++++ DATA FOR ANALYSIS ++++

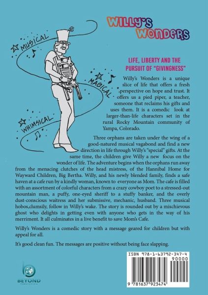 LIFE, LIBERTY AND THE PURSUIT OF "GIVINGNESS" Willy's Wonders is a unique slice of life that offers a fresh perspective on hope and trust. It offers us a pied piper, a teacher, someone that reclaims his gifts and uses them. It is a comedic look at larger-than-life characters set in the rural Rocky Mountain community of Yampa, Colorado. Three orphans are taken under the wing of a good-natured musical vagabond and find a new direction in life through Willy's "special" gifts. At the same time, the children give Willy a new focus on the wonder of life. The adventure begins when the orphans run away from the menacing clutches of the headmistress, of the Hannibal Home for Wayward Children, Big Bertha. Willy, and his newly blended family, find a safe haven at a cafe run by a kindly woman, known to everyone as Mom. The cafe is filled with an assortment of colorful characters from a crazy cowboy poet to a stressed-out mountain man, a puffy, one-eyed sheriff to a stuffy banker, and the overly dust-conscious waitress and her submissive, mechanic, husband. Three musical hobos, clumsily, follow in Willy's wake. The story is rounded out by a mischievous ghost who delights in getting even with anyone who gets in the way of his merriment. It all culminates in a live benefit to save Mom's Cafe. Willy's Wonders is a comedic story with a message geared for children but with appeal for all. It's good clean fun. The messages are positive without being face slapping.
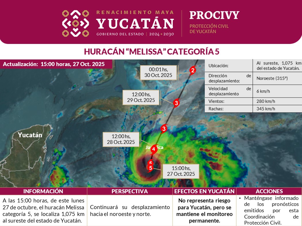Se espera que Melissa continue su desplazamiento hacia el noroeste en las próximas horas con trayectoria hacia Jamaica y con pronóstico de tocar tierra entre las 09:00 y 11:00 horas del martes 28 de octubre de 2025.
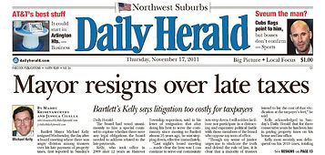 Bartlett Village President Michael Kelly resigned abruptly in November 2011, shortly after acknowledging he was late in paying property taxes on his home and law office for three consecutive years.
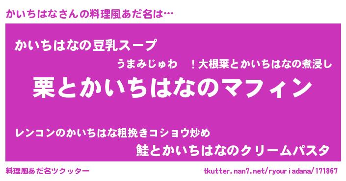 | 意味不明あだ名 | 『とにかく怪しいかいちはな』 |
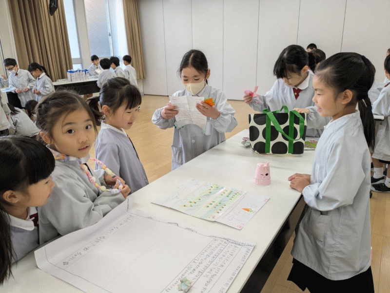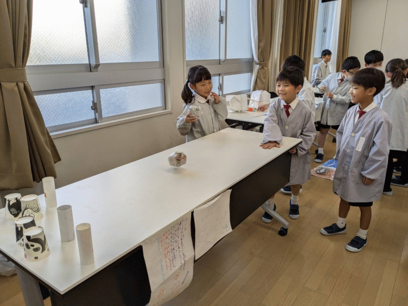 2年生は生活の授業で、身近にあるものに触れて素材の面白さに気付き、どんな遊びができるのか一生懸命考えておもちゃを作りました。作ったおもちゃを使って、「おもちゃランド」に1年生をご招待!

++++

▸ **EXERCISE AIM**
What is needed is an exact restatement of the lines from the line with "Se espera que" through the final line of the data, pictures excluded.

▸ **TASK RESULT**
Se espera que Melissa continue su desplazamiento hacia el noroeste en las próximas horas con trayectoria hacia Jamaica y con pronóstico de tocar tierra entre las 09:00 y 11:00 horas del martes 28 de octubre de 2025.
 Bartlett Village President Michael Kelly resigned abruptly in November 2011, shortly after acknowledging he was late in paying property taxes on his home and law office for three consecutive years.
 | 意味不明あだ名 | 『とにかく怪しいかいちはな』 |
 2年生は生活の授業で、身近にあるものに触れて素材の面白さに気付き、どんな遊びができるのか一生懸命考えておもちゃを作りました。作ったおもちゃを使って、「おもちゃランド」に1年生をご招待!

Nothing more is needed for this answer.